[The task]:
Output, word for word and without pictures, the lines from the one containing "Ajunto fotografías de" through the final line of the listing below.

[Supplied data]:
------------

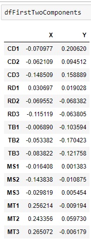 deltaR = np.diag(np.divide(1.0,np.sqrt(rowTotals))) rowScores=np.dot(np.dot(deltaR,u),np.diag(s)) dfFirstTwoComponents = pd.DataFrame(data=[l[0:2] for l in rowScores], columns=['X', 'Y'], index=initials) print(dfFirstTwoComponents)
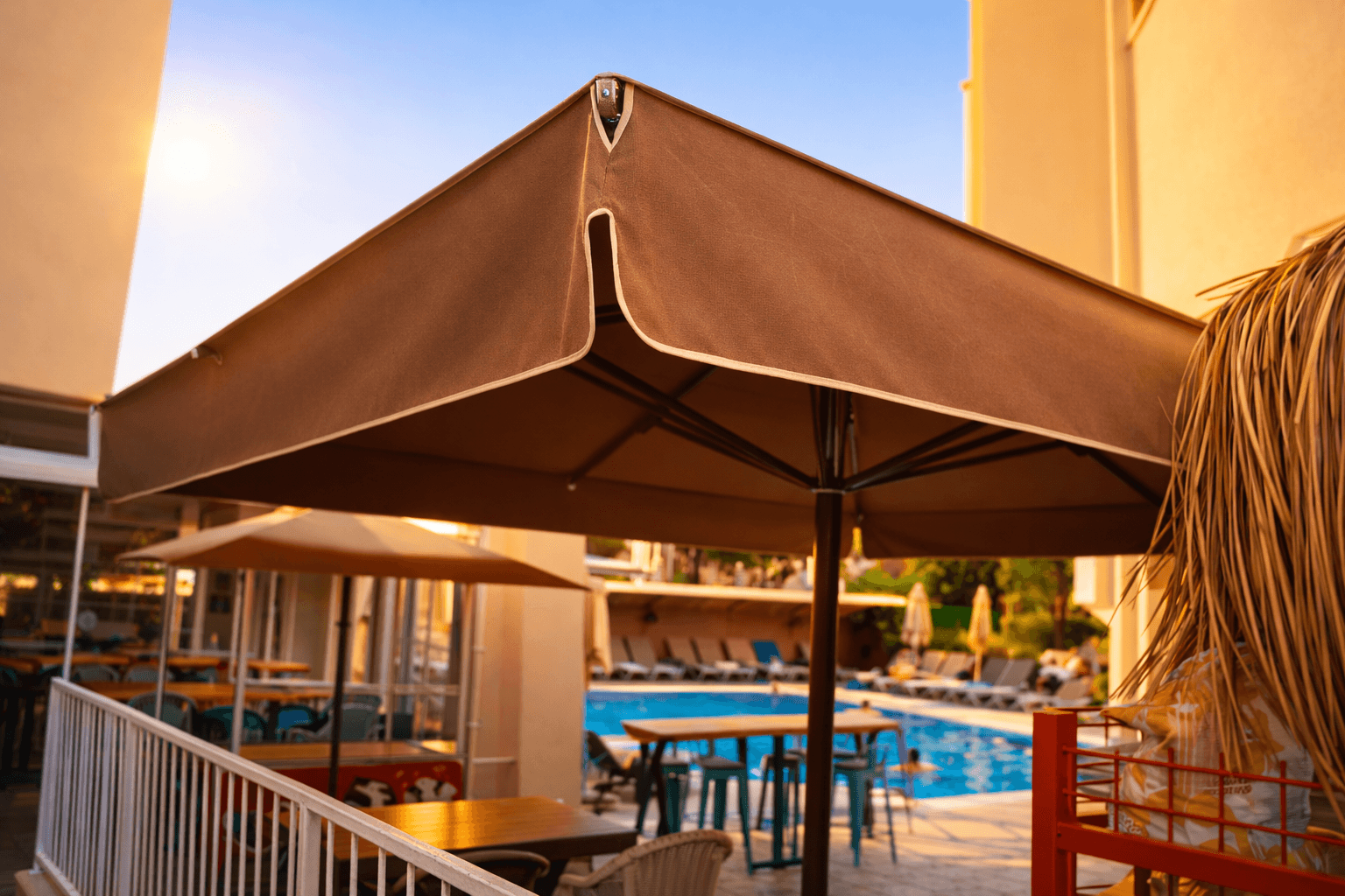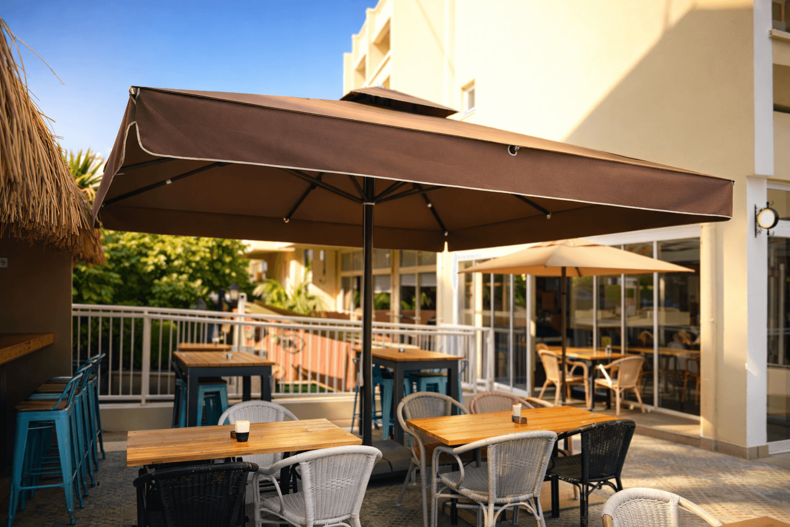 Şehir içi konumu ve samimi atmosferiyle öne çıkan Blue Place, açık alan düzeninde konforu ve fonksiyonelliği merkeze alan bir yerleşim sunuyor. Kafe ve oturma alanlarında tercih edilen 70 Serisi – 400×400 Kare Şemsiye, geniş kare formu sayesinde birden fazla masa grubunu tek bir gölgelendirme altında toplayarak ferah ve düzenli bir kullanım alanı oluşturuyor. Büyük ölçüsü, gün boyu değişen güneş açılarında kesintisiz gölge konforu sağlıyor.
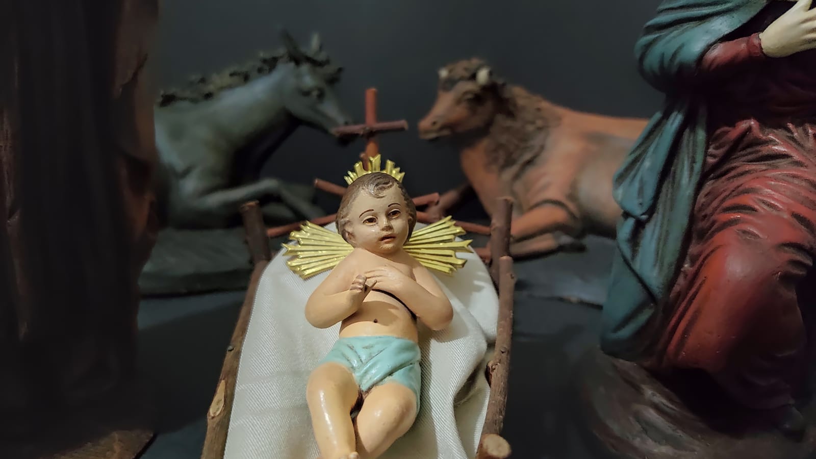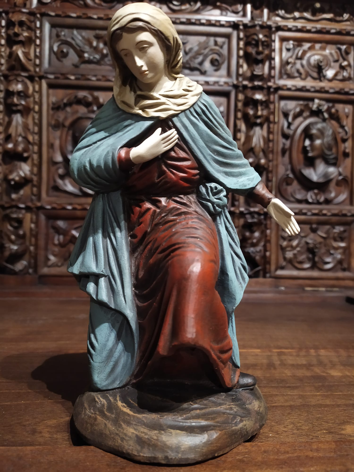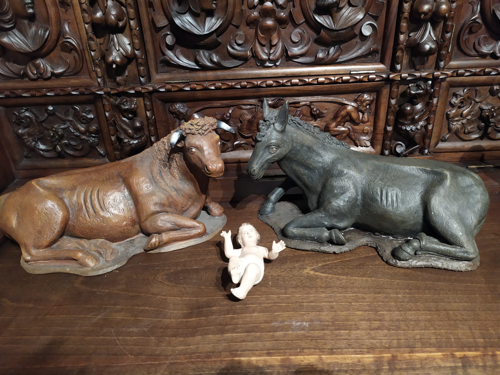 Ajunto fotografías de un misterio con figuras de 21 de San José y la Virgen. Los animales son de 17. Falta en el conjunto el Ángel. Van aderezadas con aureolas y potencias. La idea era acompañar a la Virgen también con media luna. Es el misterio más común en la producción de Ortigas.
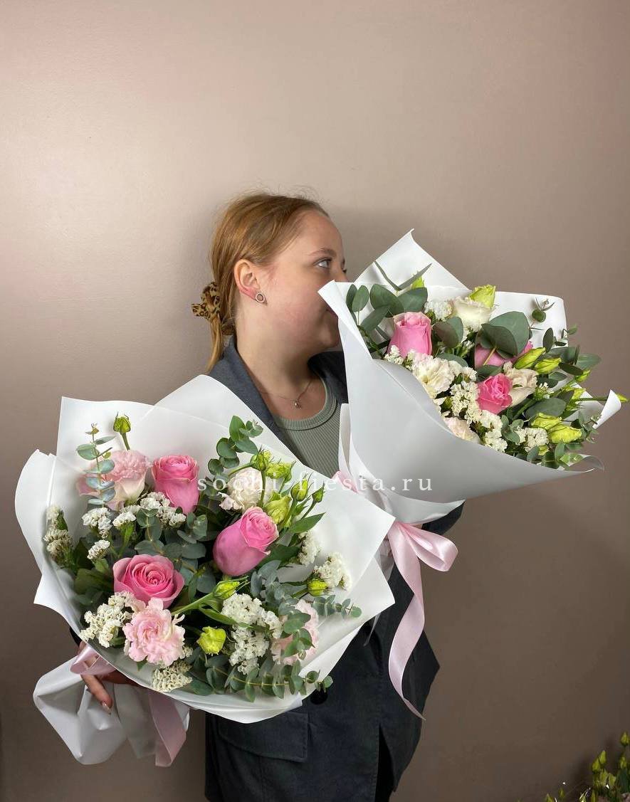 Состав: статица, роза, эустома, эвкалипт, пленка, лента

------------

[Answer to the exercise]:
 Ajunto fotografías de un misterio con figuras de 21 de San José y la Virgen. Los animales son de 17. Falta en el conjunto el Ángel. Van aderezadas con aureolas y potencias. La idea era acompañar a la Virgen también con media luna. Es el misterio más común en la producción de Ortigas.
 Состав: статица, роза, эустома, эвкалипт, пленка, лента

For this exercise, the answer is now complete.